**WHAT THIS TASK INVOLVES:**
From the line with "Bàn ghế, thiết" through the last line of the records below, both ends included, transcribe only those lines, exactly, and omit the pictures.

[Stored entries]
_ _ _ _ _ _ _

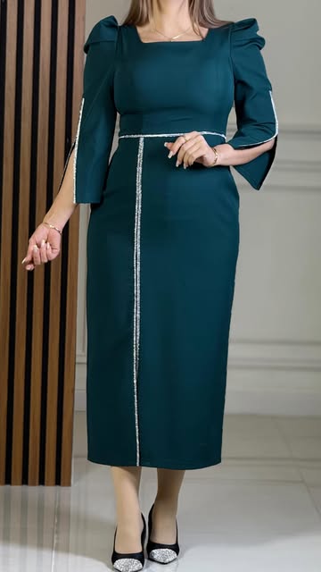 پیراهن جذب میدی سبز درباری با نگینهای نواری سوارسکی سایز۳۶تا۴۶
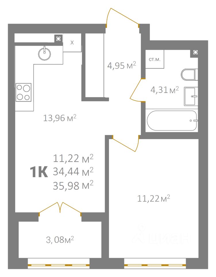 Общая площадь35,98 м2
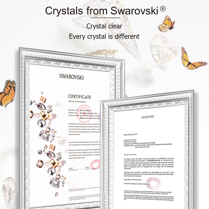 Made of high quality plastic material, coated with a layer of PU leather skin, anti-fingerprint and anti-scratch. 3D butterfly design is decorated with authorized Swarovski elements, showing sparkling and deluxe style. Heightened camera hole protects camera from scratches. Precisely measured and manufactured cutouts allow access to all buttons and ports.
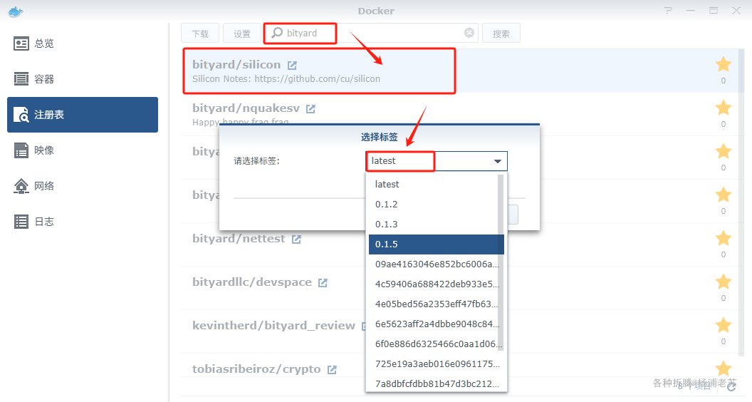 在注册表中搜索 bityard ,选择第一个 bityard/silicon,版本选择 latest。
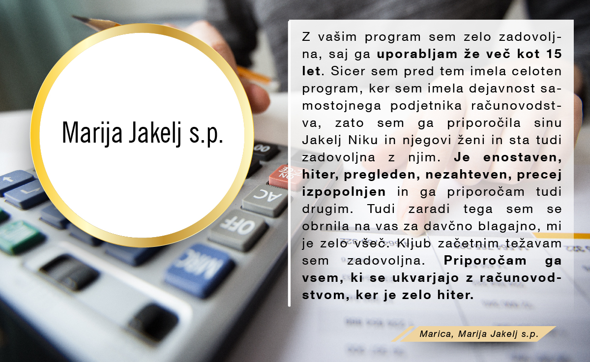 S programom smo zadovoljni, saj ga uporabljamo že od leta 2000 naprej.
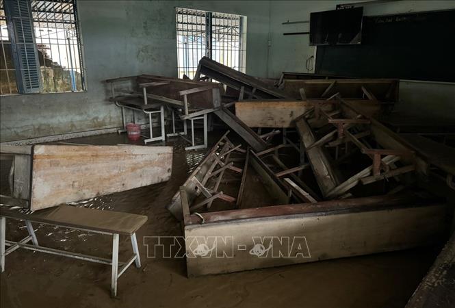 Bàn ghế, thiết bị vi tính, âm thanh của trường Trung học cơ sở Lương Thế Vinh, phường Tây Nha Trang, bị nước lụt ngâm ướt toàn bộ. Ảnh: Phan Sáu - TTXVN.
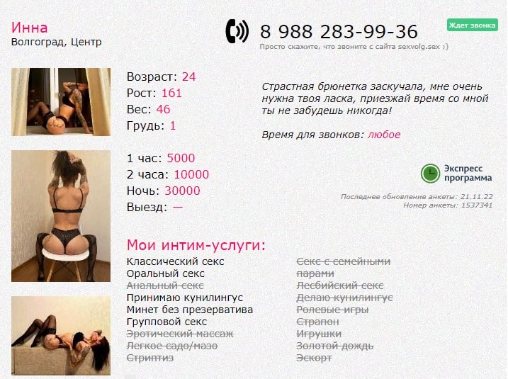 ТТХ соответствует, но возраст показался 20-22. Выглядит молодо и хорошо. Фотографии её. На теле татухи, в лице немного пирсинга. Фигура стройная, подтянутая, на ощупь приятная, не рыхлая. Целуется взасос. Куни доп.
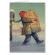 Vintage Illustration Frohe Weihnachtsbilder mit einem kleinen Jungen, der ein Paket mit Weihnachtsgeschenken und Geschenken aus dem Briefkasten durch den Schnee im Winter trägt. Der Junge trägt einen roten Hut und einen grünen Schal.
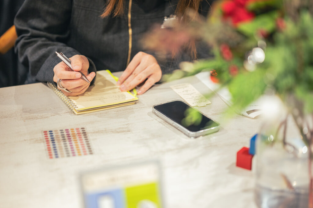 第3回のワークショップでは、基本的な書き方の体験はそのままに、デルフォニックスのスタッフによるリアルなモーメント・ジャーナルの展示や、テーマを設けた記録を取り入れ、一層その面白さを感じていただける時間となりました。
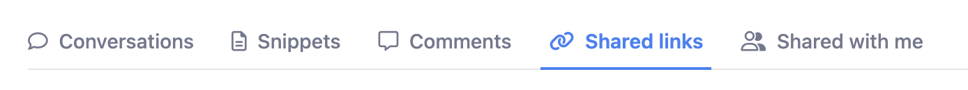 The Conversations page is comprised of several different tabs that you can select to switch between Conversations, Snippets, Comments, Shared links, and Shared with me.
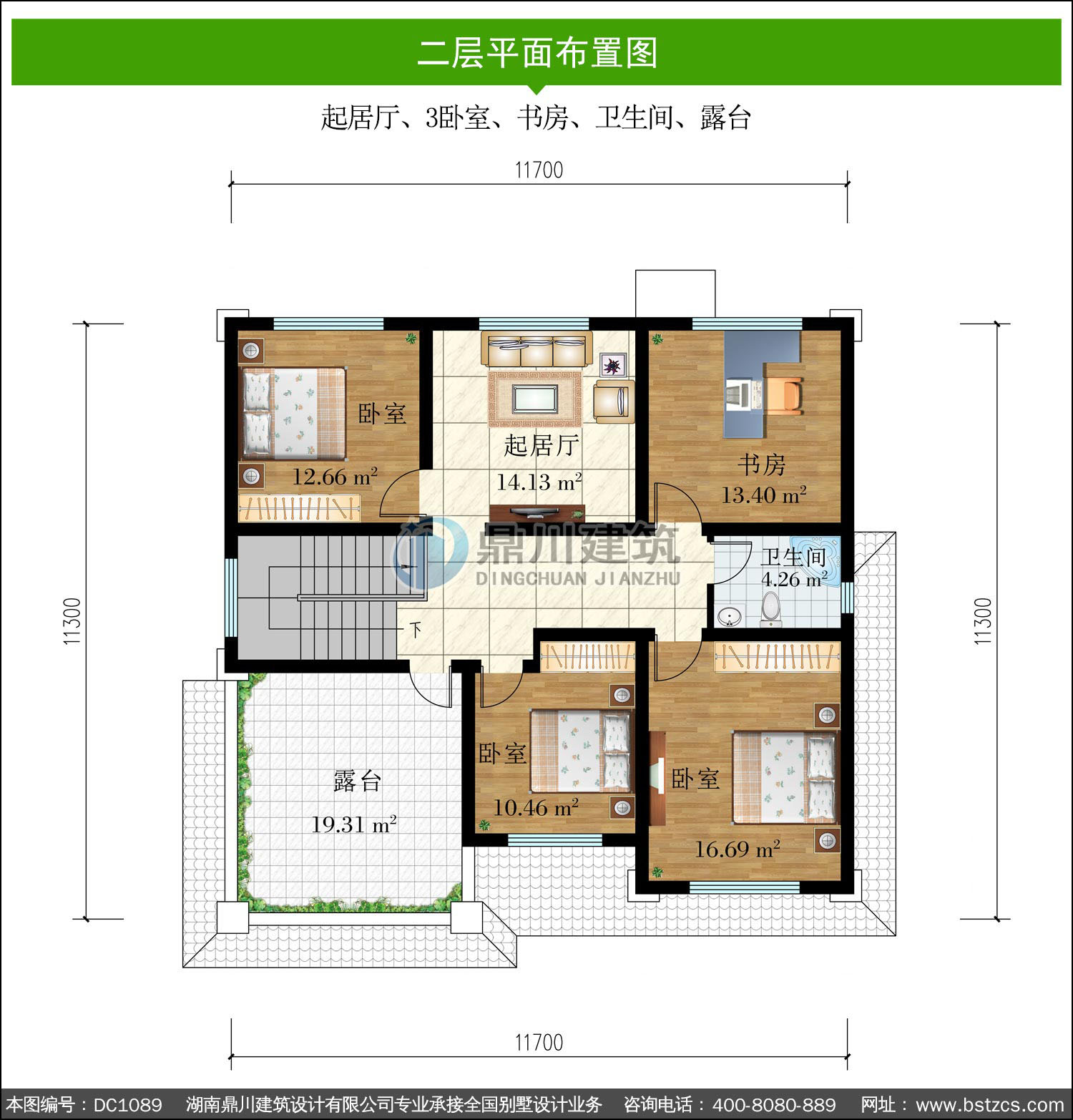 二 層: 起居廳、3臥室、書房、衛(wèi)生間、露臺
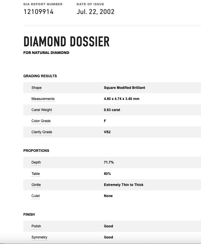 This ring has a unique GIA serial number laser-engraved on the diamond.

_ _ _ _ _ _ _

**TASK SOLUTION:**
 Bàn ghế, thiết bị vi tính, âm thanh của trường Trung học cơ sở Lương Thế Vinh, phường Tây Nha Trang, bị nước lụt ngâm ướt toàn bộ. Ảnh: Phan Sáu - TTXVN.
 ТТХ соответствует, но возраст показался 20-22. Выглядит молодо и хорошо. Фотографии её. На теле татухи, в лице немного пирсинга. Фигура стройная, подтянутая, на ощупь приятная, не рыхлая. Целуется взасос. Куни доп.
 Vintage Illustration Frohe Weihnachtsbilder mit einem kleinen Jungen, der ein Paket mit Weihnachtsgeschenken und Geschenken aus dem Briefkasten durch den Schnee im Winter trägt. Der Junge trägt einen roten Hut und einen grünen Schal.
 第3回のワークショップでは、基本的な書き方の体験はそのままに、デルフォニックスのスタッフによるリアルなモーメント・ジャーナルの展示や、テーマを設けた記録を取り入れ、一層その面白さを感じていただける時間となりました。
 The Conversations page is comprised of several different tabs that you can select to switch between Conversations, Snippets, Comments, Shared links, and Shared with me.
 二 層: 起居廳、3臥室、書房、衛(wèi)生間、露臺
 This ring has a unique GIA serial number laser-engraved on the diamond.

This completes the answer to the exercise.